* [GIVEN MATERIAL]:
▬▬▬▬▬▬

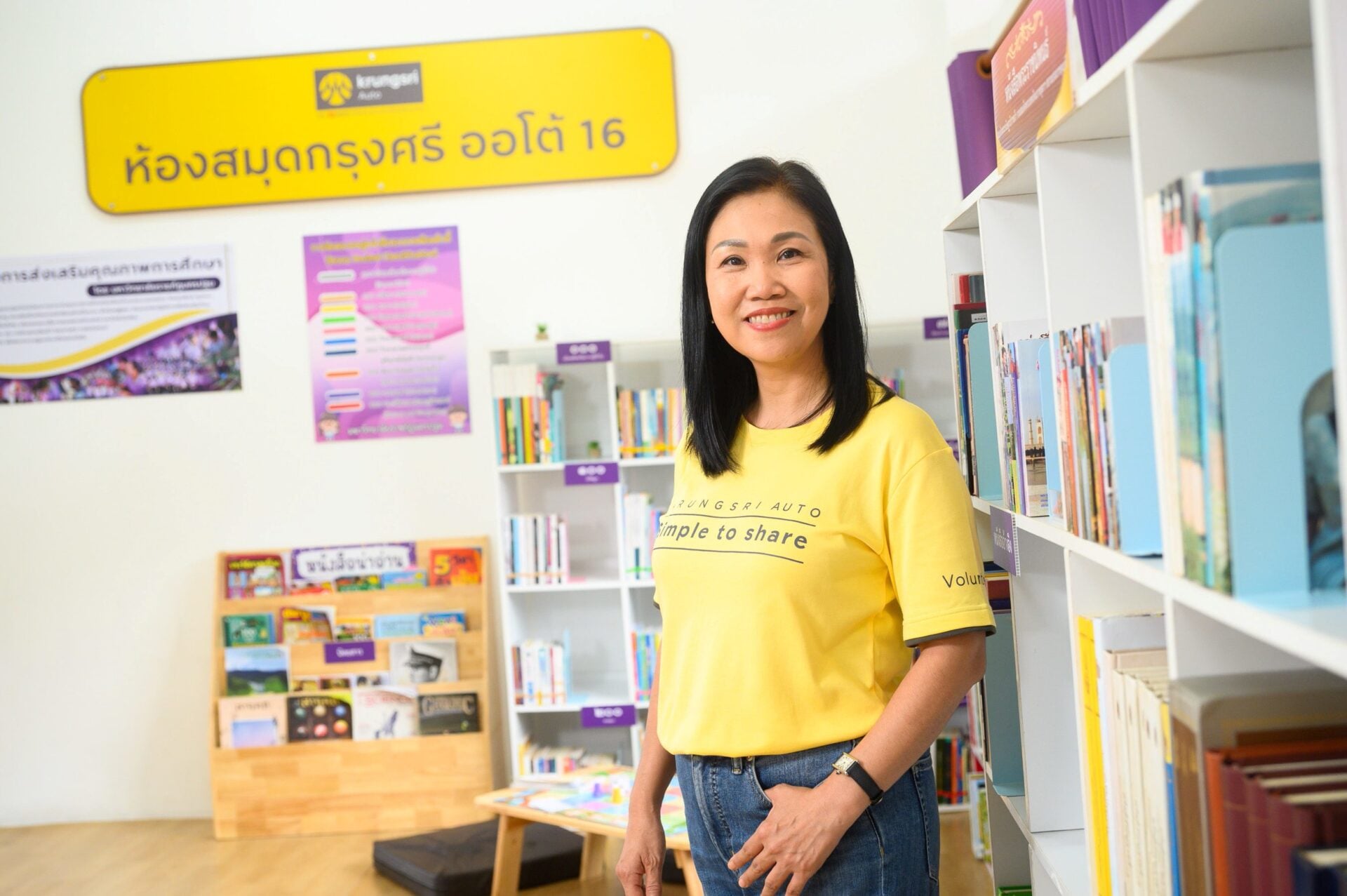 น้องแก้ม หรือ ด.ญ. ปิ่นมณี งามยิ่ง นักเรียนชั้นประถมศึกษาปีที่ 6 กล่าวว่า “หนูเข้ามาห้องสมุดทุกวันเลยค่ะ เพราะได้ทำหน้าที่เป็น ‘บรรณารักษ์น้อย’ คอยดูแลความเรียบร้อย ลงทะเบียนผู้ใช้ และติดตาม การยืม-คืนหนังสือของห้องสมุด ซึ่งทำให้หนูได้ฝึกทักษะความเป็นผู้นำจากการเป็นบรรณารักษ์น้อย ผ่านการคอยประสานงาน พร้อมกับการดูแลให้ทุกคนใช้ห้องสมุดอย่างเป็นระเบียบ หนูดีใจมากที่ได้รับคอมพิวเตอร์ จาก กรุงศรี ออโต้ มาช่วยจัดการข้อมูล ทำให้ทุกอย่างสะดวกและรวดเร็วขึ้น จนทำให้งานบรรณารักษ์กลายเป็นเรื่องง่ายและสนุกกว่าเดิมด้วย หนูมองว่าหน้าที่นี้ทำให้หนูมีความรับผิดชอบและรู้จักการทำงานร่วมกับผู้อื่นมากขึ้นค่ะ”
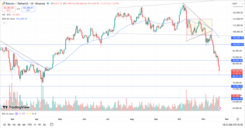 BTC, after making a new all-time high of $126,199, witnessed a sharp fall and the price plunged almost 20% to $102,000. Post this move, the asset was trading in a range between $116,000 and $107,000, forming a Symmetrical Triangle Pattern. BTC gave a breakout below the range and plunged another 25%, making a low of $80,600. The asset has strong support at $80,000. If it holds and sustains above this level, we may expect a relief rally toward $90K. If the price breaks and closes below the support, further downside could follow, with the next support around $73,000.
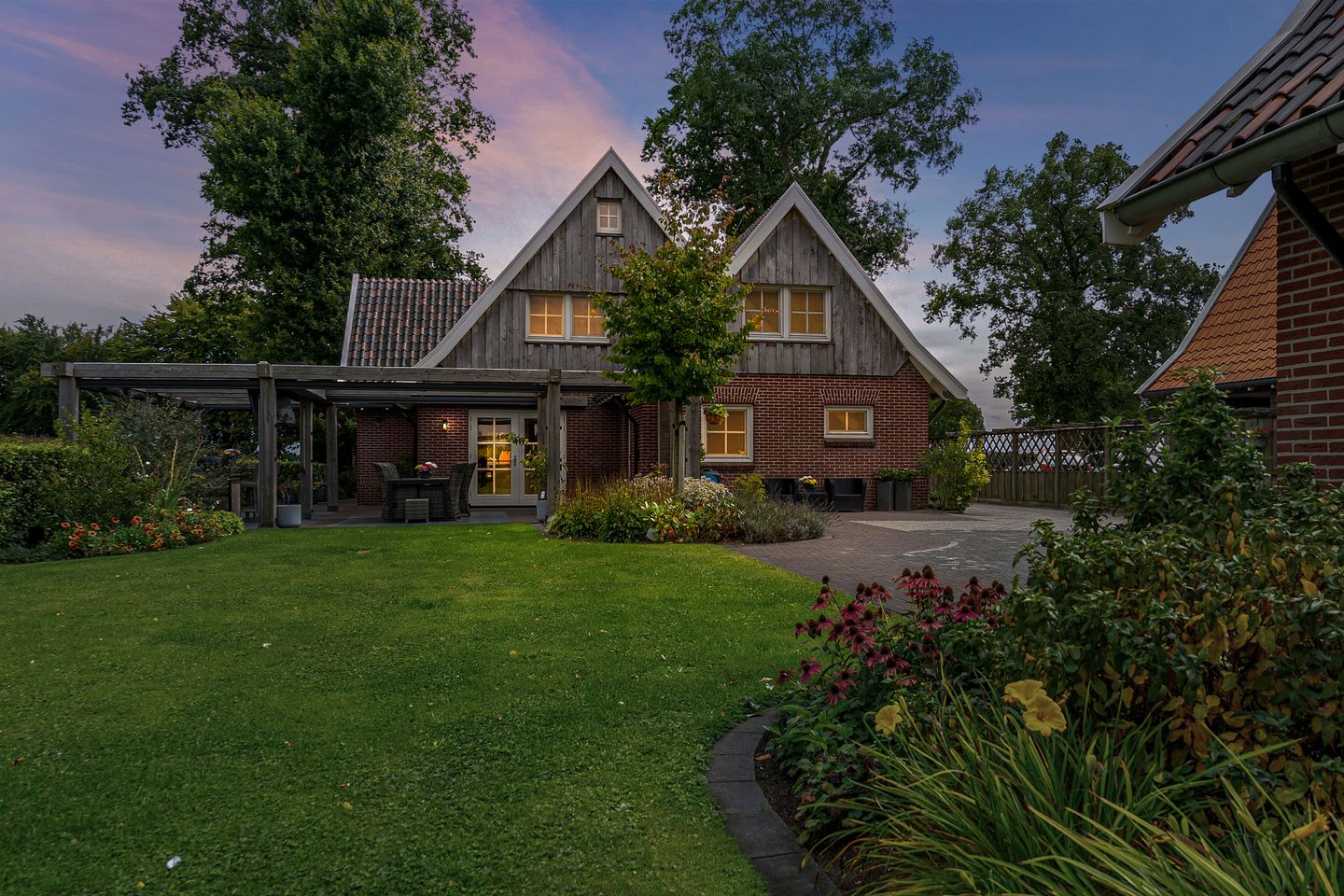 De tuin rondom de villa is met evenveel zorg en liefde aangelegd als het interieur. Hier vind je een vijver, een gazon, kleurrijke borders, volwassen bomen en struiken en diverse sfeervolle zitjes. Dankzij de schuifbare schaduwdoeken op het terras kun je hier het hele jaar door comfortabel buiten zitten, ongeacht het weer. Voor dierenliefhebbers is er bovendien een weide waar nu geitjes lopen, een charmant detail dat bijdraagt aan de landelijke beleving.
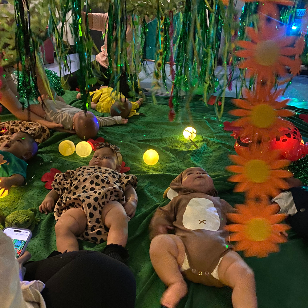 A hands-on class for babies starting to crawl, grasp, and interact. Each session includes music, puppet shows, sensory circuits, and messy play that support movement, communication, and early learning.

▬▬▬▬▬▬

* [WHAT YOU NEED TO DO]: Omitting all pictures, give the preceding listing again exactly.

* [TASK RESPONSE]:
 น้องแก้ม หรือ ด.ญ. ปิ่นมณี งามยิ่ง นักเรียนชั้นประถมศึกษาปีที่ 6 กล่าวว่า “หนูเข้ามาห้องสมุดทุกวันเลยค่ะ เพราะได้ทำหน้าที่เป็น ‘บรรณารักษ์น้อย’ คอยดูแลความเรียบร้อย ลงทะเบียนผู้ใช้ และติดตาม การยืม-คืนหนังสือของห้องสมุด ซึ่งทำให้หนูได้ฝึกทักษะความเป็นผู้นำจากการเป็นบรรณารักษ์น้อย ผ่านการคอยประสานงาน พร้อมกับการดูแลให้ทุกคนใช้ห้องสมุดอย่างเป็นระเบียบ หนูดีใจมากที่ได้รับคอมพิวเตอร์ จาก กรุงศรี ออโต้ มาช่วยจัดการข้อมูล ทำให้ทุกอย่างสะดวกและรวดเร็วขึ้น จนทำให้งานบรรณารักษ์กลายเป็นเรื่องง่ายและสนุกกว่าเดิมด้วย หนูมองว่าหน้าที่นี้ทำให้หนูมีความรับผิดชอบและรู้จักการทำงานร่วมกับผู้อื่นมากขึ้นค่ะ”
 BTC, after making a new all-time high of $126,199, witnessed a sharp fall and the price plunged almost 20% to $102,000. Post this move, the asset was trading in a range between $116,000 and $107,000, forming a Symmetrical Triangle Pattern. BTC gave a breakout below the range and plunged another 25%, making a low of $80,600. The asset has strong support at $80,000. If it holds and sustains above this level, we may expect a relief rally toward $90K. If the price breaks and closes below the support, further downside could follow, with the next support around $73,000.
 De tuin rondom de villa is met evenveel zorg en liefde aangelegd als het interieur. Hier vind je een vijver, een gazon, kleurrijke borders, volwassen bomen en struiken en diverse sfeervolle zitjes. Dankzij de schuifbare schaduwdoeken op het terras kun je hier het hele jaar door comfortabel buiten zitten, ongeacht het weer. Voor dierenliefhebbers is er bovendien een weide waar nu geitjes lopen, een charmant detail dat bijdraagt aan de landelijke beleving.
 A hands-on class for babies starting to crawl, grasp, and interact. Each session includes music, puppet shows, sensory circuits, and messy play that support movement, communication, and early learning.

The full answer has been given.